Лёд на подступах к границе растопили, и сейчас в сотне футов от неё застыли в ожидании команды шесть пусковых установок на понтонных плотах. Им предстояло одновременно пересечь водную границу и в течение полутора секунд произвести пуски. Дальнейшая судьба ракетного комплекса так же, как и плавсредств, значения не имела.
Гипотезу о том, что в развалинах завода расположен механизм, обеспечивающий существование Зоны и являющийся причиной двух произошедших расширений, приняли безоговорочно. Гипотеза подтверждалась информацией, полученной из остальных пяти Зон – наличие схожего механизма подозревалось в каждой из них. Также безоговорочно была принята гипотеза о конечной цели посещения. Сомнений в том, что цель эта – тотальная экспансия цивилизации Денеба на Землю, практически не осталось. Опираясь на труды российских коллег, директор хармонтского филиала Международного института внеземных культур доктор Ежи Пильман высказал предположение, что следующее расширение Зон может оказаться последним. Если границы всех шести сомкнутся, жизни на Земле не останется.

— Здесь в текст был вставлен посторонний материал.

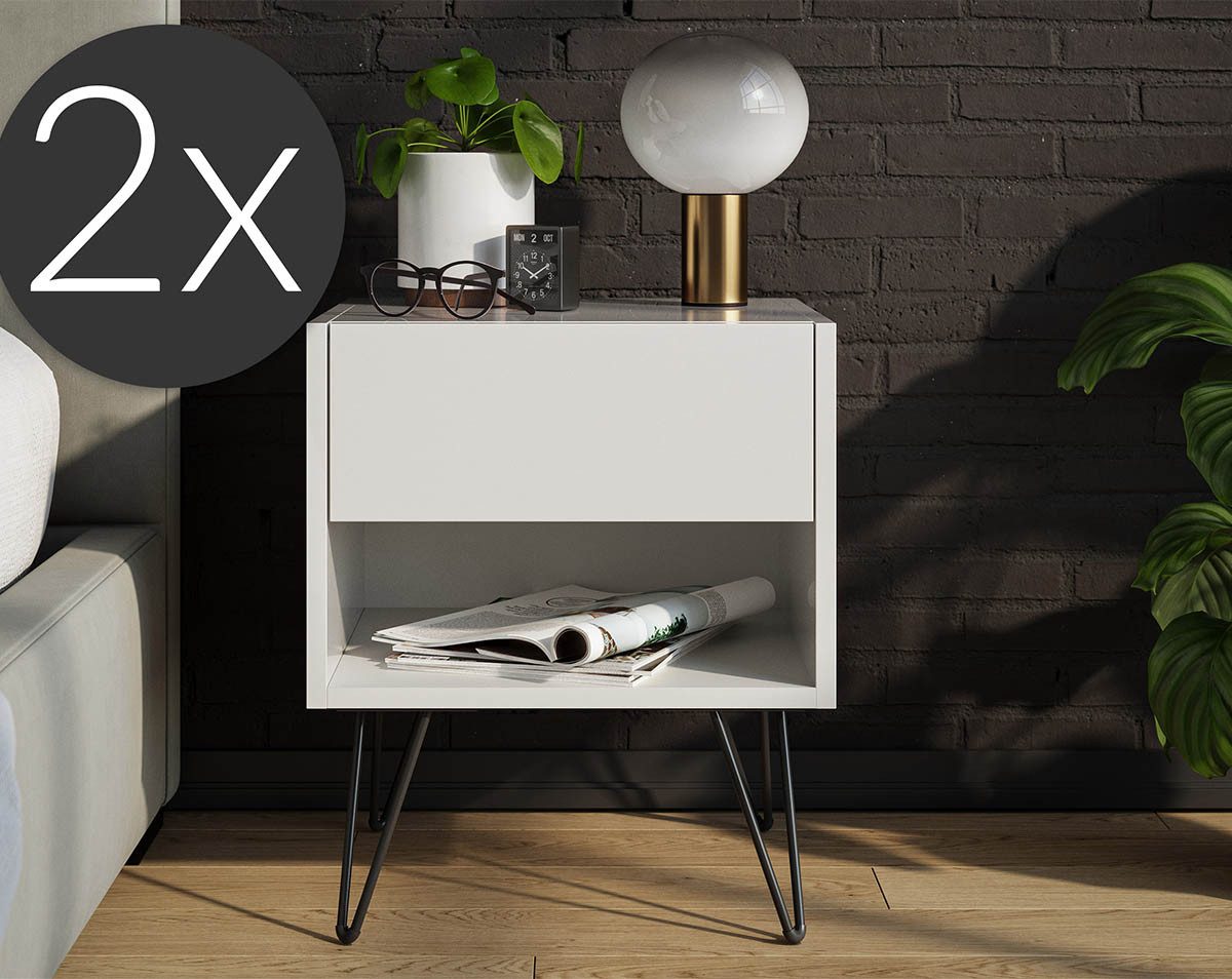 Das Industrial Nachtisch von Posseik kombiniert modernes Design mit praktischer Funktionalität. Die weißen Hochglanzfronten verleihen dem Möbelstück eine elegante Optik, während die 20 cm hohen Metallfüße den angesagten Industrial-Stil unterstreichen.

Срок следующего расширения не брался предугадать никто, однако Ежи склонялся к тому, что срок этот достаточно близок и, возможно, счёт идёт на десятилетия, если не на годы. В докладе президенту доктор Пильман проводил аналогию между эволюцией Зон посещения и этапами развития разумного человеческого существа. Изначальное состояние Зон Ежи полагал соответствующим эмбриональному периоду. Промежуток времени со дня посещения до первого расширения – аналогичным утробному развитию плода. Период с первого расширения по второе – созреванию произведённой на свет особи. На настоящий момент Ежи предлагал условно считать совокупность шести Зон посещения достигшим зрелости инопланетным разумным существом. Агрессивным, воинственным и планомерно, шаг за шагом, проводящим экспансию.
За четыре десятка лет существования Зон их мощь и арсенал многократно выросли, а три месяца назад вырос и занимаемый ими на Земле ареал. Вместе с тем появились свойства, доселе для Зон не характерные и, по мнению Ежи, ранее пребывавшие в зачаточном состоянии. Особенно беспокоил его участок, образовавшийся на месте Чёрного озера. Коллеги из других филиалов Института отмечали наличие жидких субстанций, предположительно обладающих способностью принимать и передавать мысли, и в остальных пяти Зонах. На смену обросшим противоречивыми легендами «Золотым шарам» пришло нечто гораздо более сложное и, по всей видимости, гораздо более могущественное.
– Отсчёт пошёл, – отчеканил, бросив взгляд на часы, генерал Галбрейт. – Пятиминутная готовность.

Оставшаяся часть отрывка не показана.